Dernier incident en date, le mercredi 20 novembre : un élève du lycée est violemment passé à tabac devant les portes de l’établissement. Parmi ses agresseurs, un jeune exclu du lycée lors d’un précédent conseil de discipline. Trop c’est trop pour le personnel. « Si nous avons exercé notre droit de retrait, c’est pour protéger nos élèves autant que nous-mêmes », explique à Place Gre’net une enseignante de Roger-Deschaux.
Comment en est-on arrivé à cette situation ? La professeure décrit un lycée en voie de « ghettoïsation » depuis 2015, soit l’année où l’établissement a cessé d’être lycée polyvalent pour devenir lycée professionnel. « Pour beaucoup, les élèves sont ici par défaut, parce que leur dossier ne leur permet pas d’être ailleurs », explique-t-elle. Résultat ? « Des élèves peu motivés, qui transportent dans le lycée ce qu’ils vivent dans les quartiers ».

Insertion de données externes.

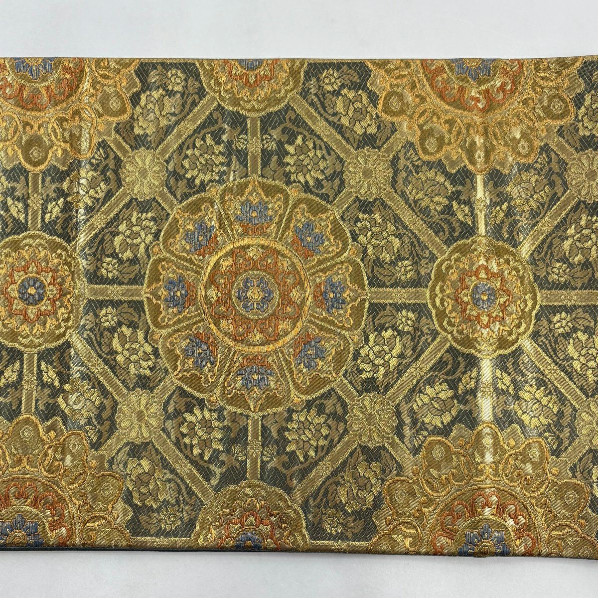 【美品】 袋帯 秀品 格天井 華文 金糸 箔 金色 六通 正絹

Pas question pour autant de stigmatiser les jeunes, insiste l’enseignante. Nombre d’entre eux sont justement les premiers à souffrir du climat délétère qui règne dans l’établissement. Des cas de harcèlement scolaires sont également observés par les équipes éducatives. La professeure fait par ailleurs remarquer que plusieurs parents d’élèves ont adressé aux personnels des témoignages de soutien face à l’exercice de leur droit de retrait.

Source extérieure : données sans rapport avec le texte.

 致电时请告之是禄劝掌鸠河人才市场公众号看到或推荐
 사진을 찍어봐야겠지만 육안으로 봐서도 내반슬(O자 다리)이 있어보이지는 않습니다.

Le rectorat de Grenoble annonce la réalisation d’un audit
Quelles solutions face aux violences et incivilités ? Les personnels demandent à l’Éducation nationale deux postes d’AED supplémentaires, ainsi que la présence d’une assistante sociale et d’un psychologue deux jours et demi par semaine. Une première réponse, explique la professeure. « Évidemment, s’il y a plus de monde pour encadrer les jeunes, il y aura certainement moins de problèmes », considère-t-elle.

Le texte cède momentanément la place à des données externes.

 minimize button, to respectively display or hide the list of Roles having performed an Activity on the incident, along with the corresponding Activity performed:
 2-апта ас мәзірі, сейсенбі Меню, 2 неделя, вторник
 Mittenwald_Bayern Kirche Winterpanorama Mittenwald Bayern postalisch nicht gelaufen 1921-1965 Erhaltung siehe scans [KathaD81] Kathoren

Reste que la configuration même de l’établissement et son processus de ghettoïsation pose un problème plus profond. « Nous n’avons pas toutes les solutions ! », prévient l’enseignante. Qui refuse de baisser les bras : « Nous avons déjà fait plusieurs expériences pédagogiques. Il y a des choses qui fonctionnent, nous ne sommes pas du tout abattus face a ces problèmes… mais on attend des réponses ».
Des réponses du rectorat de Grenoble, en premier lieu. Une délégation a ainsi été reçue mercredi 27 novembre, entretien au cours duquel les services de l’Éducation nationale et les personnels se sont mis d’accord sur la réalisation d’un audit. Une reprise des cours est-elle prévue ? Non, répond l’enseignante : « Le droit de retrait est maintenu jusqu’à ce que l’on nous propose des solutions pour que l’on puisse exercer nos missions dans un climat plus serein ».